Gerry Adams, President of Sinn Fein, and John Hume, leader of the SDLP, held a secret 90-minute meeting on Saturday after what is believed to have been weeks of preparatory work by a group of Roman Catholic clergymen.

Neither side would discuss the content of the talks yesterday, but their timing is thought to be significant. They come only days after the IRA re-affirmed its commitment to armed struggle in its meeting with the peace campaigner Senator Gordon Wilson; just a month before local elections are due with Sinn Fein support dwindling; and at a time when moves are under way for the resumption of the Northern Ireland peace talks.

After Saturday's meeting in Londonderry, Mr Hume said that he hoped the talks would lead to a renunciation of violence but he added: 'This is only a hope.'

Speaking on BBC radio, Cardinal Daly praised Mr Hume. His party will be in direct competition with Sinn Fein for the nationalist vote next month.

Cardinal Daly said: 'I greatly admire the courage of John Hume in continuing with his work for peace and being prepared to take political risks - quite considerable physical risks - in doing what he's doing.

'I sincerely hope, and thousands hope with me, that it may lead to an end of violence and to peace.'

Kevin McNamara, Labour's spokesman on Northern Ireland, and Peter Temple-Morris, the Conservative co-chairman of the British-Irish Parliamentary Body, welcomed the talks. Each said that they had complete faith in Mr Hume's ability to negotiate with Sinn Fein, but they felt progress would be achieved only over the long term.

Sinn Fein and the SDLP held a series of meetings in the late 1980s, which broke down after they failed to reach agreement on even basic issues. The SDLP argued that British involvement in Northern Ireland was no longer colonial and had moved to a position of neutrality; Sinn Fein considered it an occupation.

Their differences after each meeting were published and widely circulated during that series of talks. Their decision now to keep the contents of meetings secret is a good sign, according to Mr Temple-Morris. 'For Sinn Fein to agree to silence suggests that it is not feeling in a strong position,' he said. 'It has been notoriously weak in getting public backing, so its involvement in the resumption of talks on a private, low-key basis augurs well for a degree of success.'

Sinn Fein chairman Tom Hartley, Mr McNamara and Mr Temple-Morris yesterday rejected a call for the return of internment made by Senator Wilson, whose daughter, Marie, was killed in the 1987 Remembrance Day bombing at Enniskillen.

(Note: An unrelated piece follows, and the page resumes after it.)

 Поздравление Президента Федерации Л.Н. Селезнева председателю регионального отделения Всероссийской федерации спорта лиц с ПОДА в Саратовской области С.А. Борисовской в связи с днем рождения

Mr Wilson, who was devastated when the IRA rejected his peace overtures last week, said in an interview with the Sunday Times that he believed internment was the only alternative to terrorism.

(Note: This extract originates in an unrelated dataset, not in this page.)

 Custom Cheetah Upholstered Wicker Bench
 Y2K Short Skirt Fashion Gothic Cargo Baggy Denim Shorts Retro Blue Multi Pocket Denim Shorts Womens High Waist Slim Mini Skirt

The three said that they respected Senator Wilson's peace efforts but one said the call for internment 'came more from a grieving father than an Irish senator'.

Pearse McCauley, the suspected IRA terrorist, appeared before Dublin's anti-terrorist Special Criminal Court on four firearms charges. Mr McCauley, 28, of Strabane, Co Tyrone, Northern Ireland, who was arrested at Connolly station, Dublin, on Friday, was remanded in custody and will next appear in court on 21 April.